Moi, j'aurais tendance - sans doute sous l'influence de ma langue maternelle - à mettre le second verbe en gros au même temps verbal que le premier. 

Ce que je voudrais savoir c'est si l'utilisation du verbe à l'infinitif dans ce genre de construction est typique du language journalistique ou bien s'il s'agit d'une structure tout à fait normale de la langue française.


----------



## snarkhunter

Bonjour,

Pour moi, ce n'est pas un procédé spécifique au langage journalistique, mais plutôt un _procédé narratif_ courant. Comme le _présent de narration_.

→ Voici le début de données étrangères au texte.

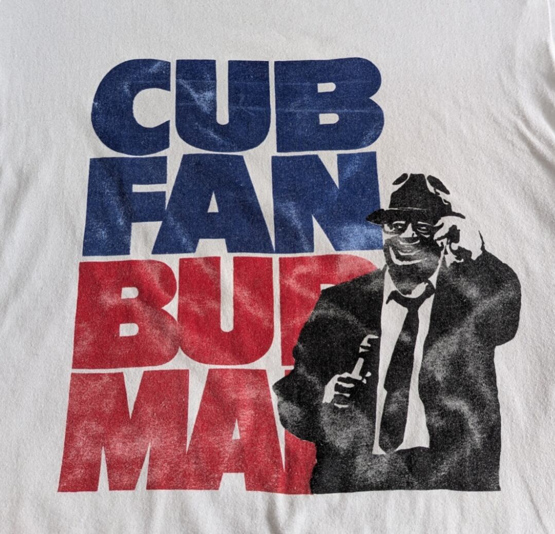 愛嬌ある同氏とCUB FAN BUD MANのキャッチフレーズがプリントされたtee
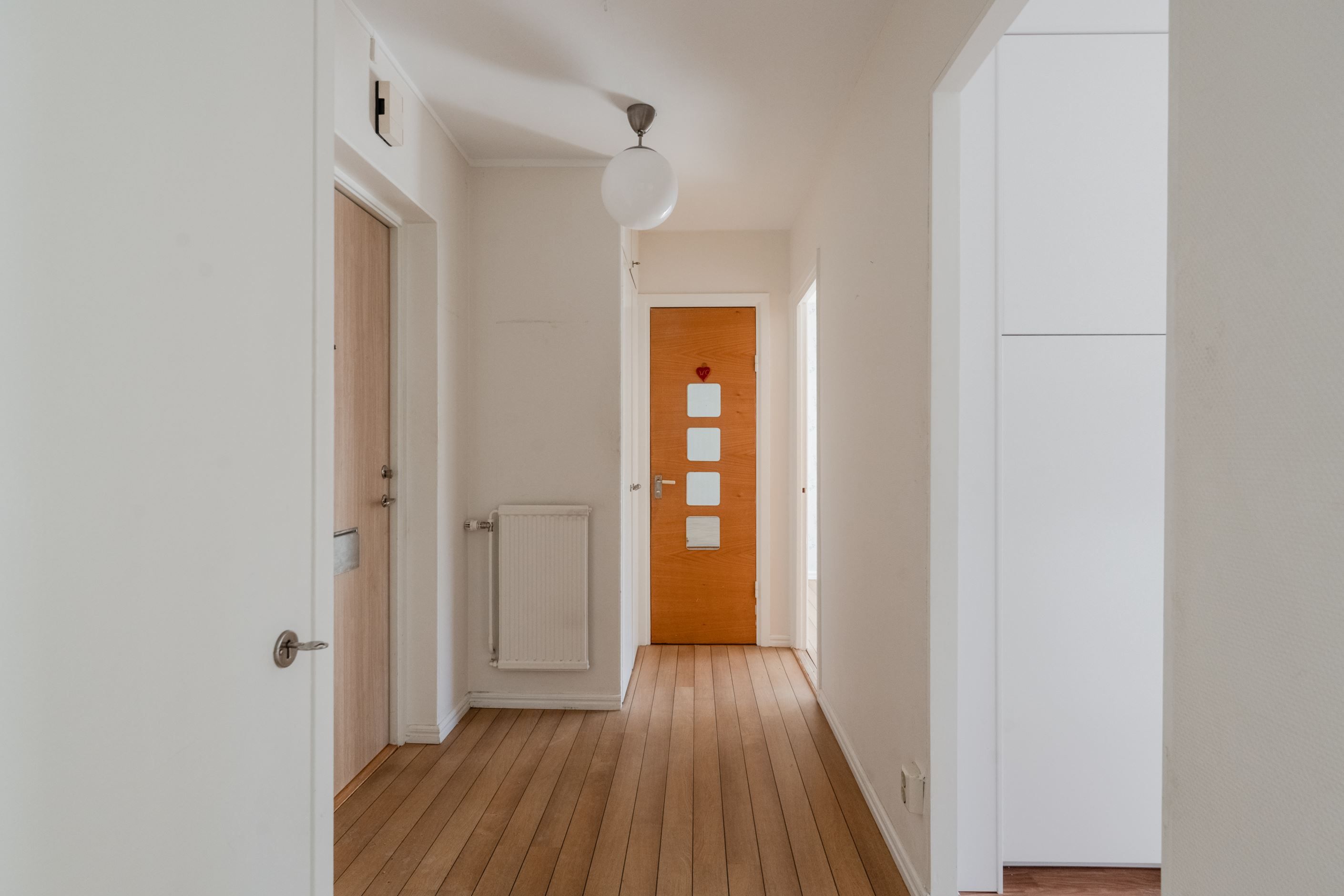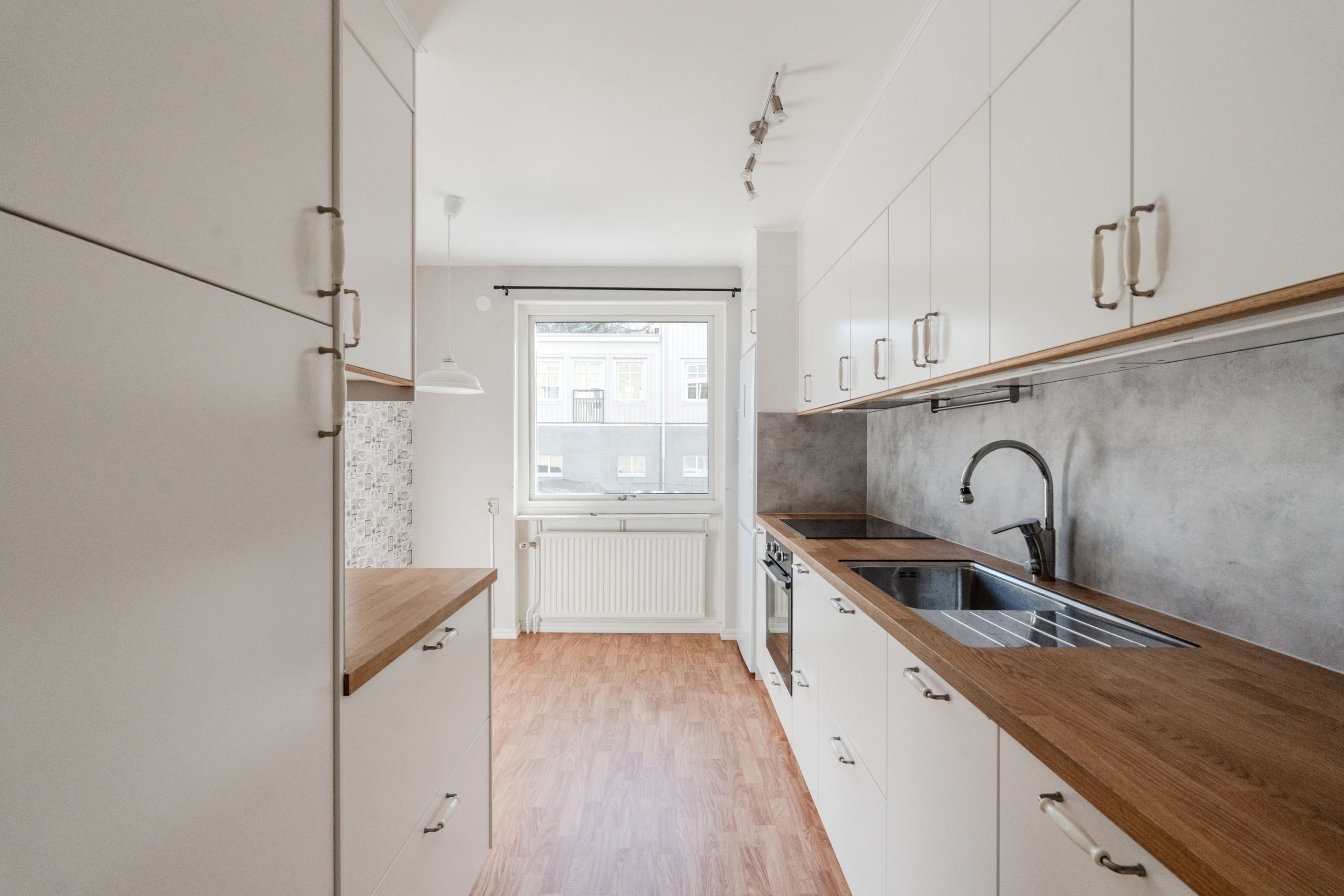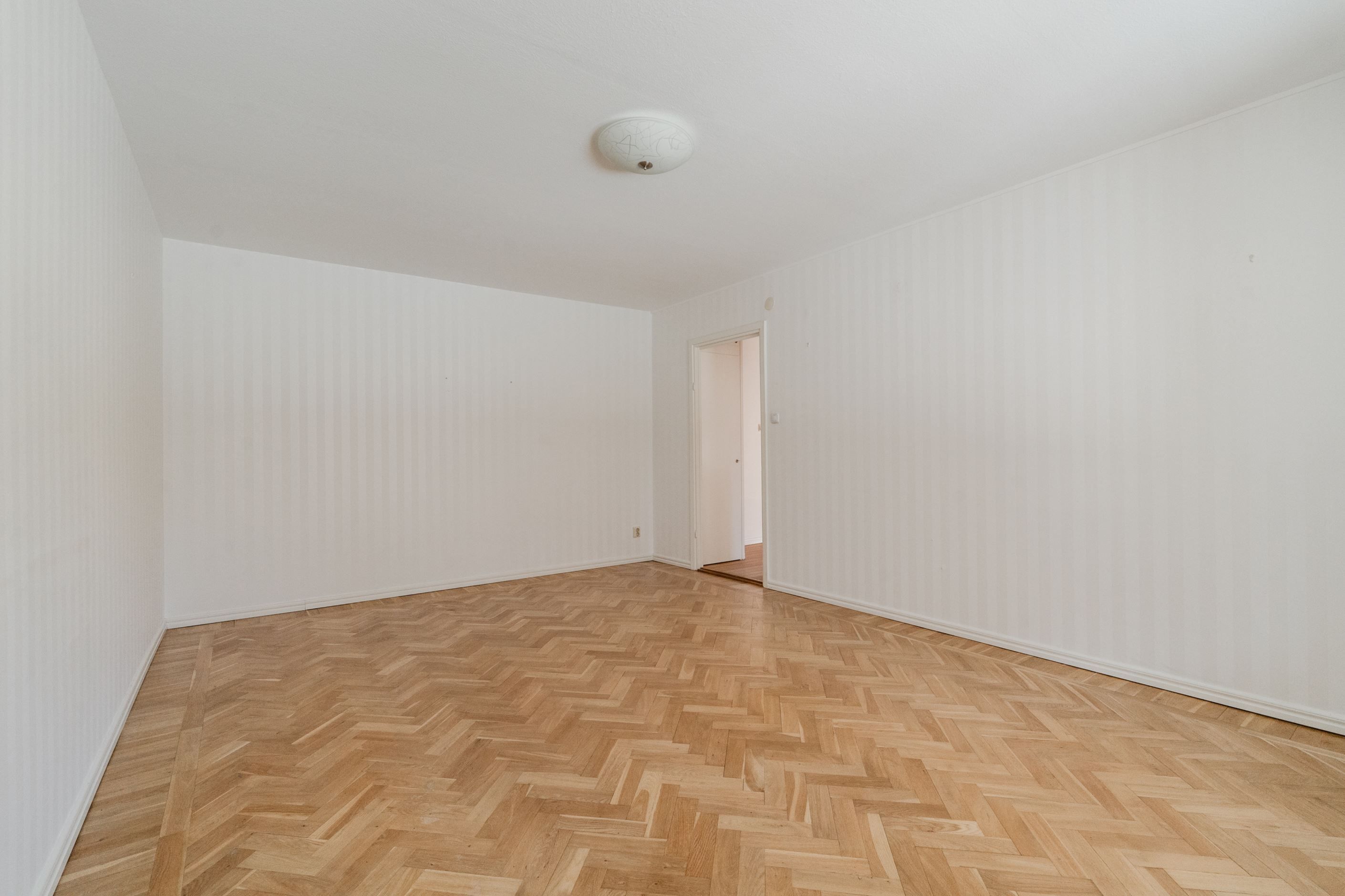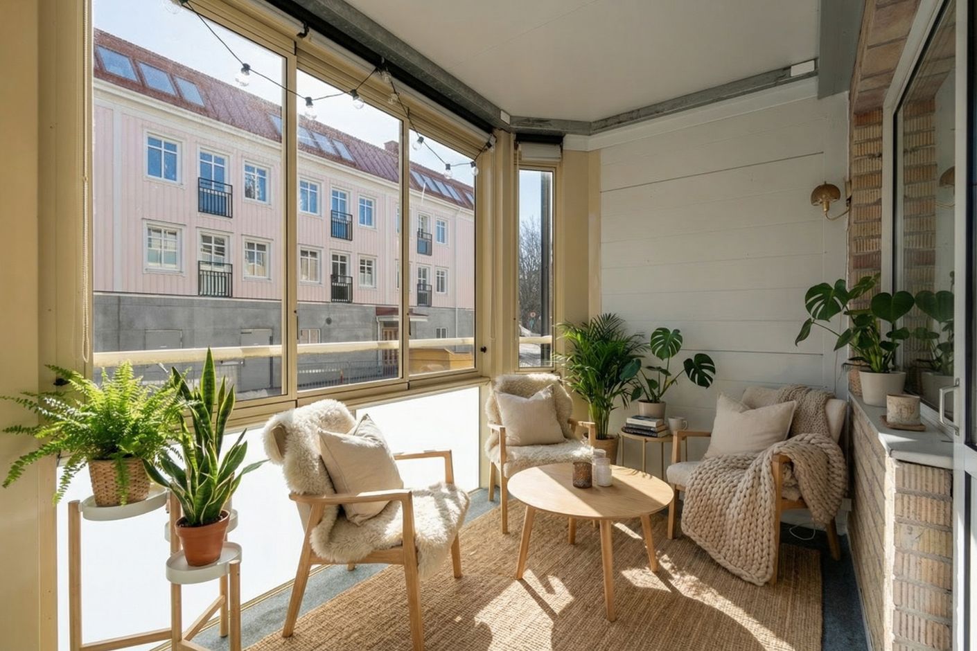 Lägenheten rymmer ett sovrum samt ett ljust och inbjudande vardagsrum där den klassiska fiskbensparketten och de nåtade skepssgolvet ger en tidlös och hemtrevlig känsla. Härifrån nås även den inglasade balkongen, som fungerar som ett extra rum större delen av året – perfekt för morgonkaffet eller en lugn stund oavsett väder.

Le fait que ce soit surtout le langage journalistique qui en fasse usage tient sans doute avant tout au fait que le journalisme consiste le plus souvent à relater des faits qui appartiennent déjà au passé (fût-il récent), tout en essayant de les rendre aussi vivants que possible. C'est donc un artifice assez naturel...


----------



## LauraTMC

Bonjour les amis de Wordreference.com,

J'ai lu sur le "courrier international" les deux morceaux des phrases ci-dessous. Pourrait quel'qun m'expliquer un peu sur les parties en rouge? J'aimerais savoir si c'est une tournure de parler, car j'aurais écrit directement "le chroniqueur poursuit, le chroniqueur conclut ". Merci !

1)
_“Admettez-le, _écrit-il dans sa chronique du jour,_ vous n’avez aucune idée de ce à quoi va ressembler le premier mandat de Trump… et lui non plus d’ailleurs”._

*Et le chroniqueur de poursuivre*_ : “Trump n’a pas d’idéologie fixe (…), aucune expérience en matière de gouvernement. Trump ment tout le temps (…), ignore tout ou presque tout de la nation qu’il est amené à diriger, et son insécurité _[personnelle] _ne laisse pas de nous inquiéter”._

2)
Le danger, selon le chroniqueur, est que tout cela finisse_ “par ne plus paraître bizarre du tout. Après tout, ce qui fait de nous des humains, c’est notre résilience et notre capacité d’adaptation_, poursuit-il,_ mais pour l’instant je m’y refuse”_, car à ce stade, cela représenterait pour lui _“une forme de reddition”._

*Et le chroniqueur de conclure* : _“Martin Luther King a un jour déclaré qu’il était _‘fier d’être inadapté’_ aux iniquités et aux inégalités de son temps. Aujourd’hui, je suis fier d’être inadapté à Trump.”_

lien:États-Unis. Une investiture pas comme les autres


----------



## snarkhunter

Bonjour,

Cette construction ("Et X de + _verbe à l'inf._") est équivalente à "Et X + _verbe conjugué_".

"Et le chroniqueur de conclure" = "Et le chroniqueur conclut"

C'est une formule peut-être un peu dépassée, mais néanmoins encore utilisée dans un contexte plutôt formel de compte rendu ou de descriptif impersonnel.


----------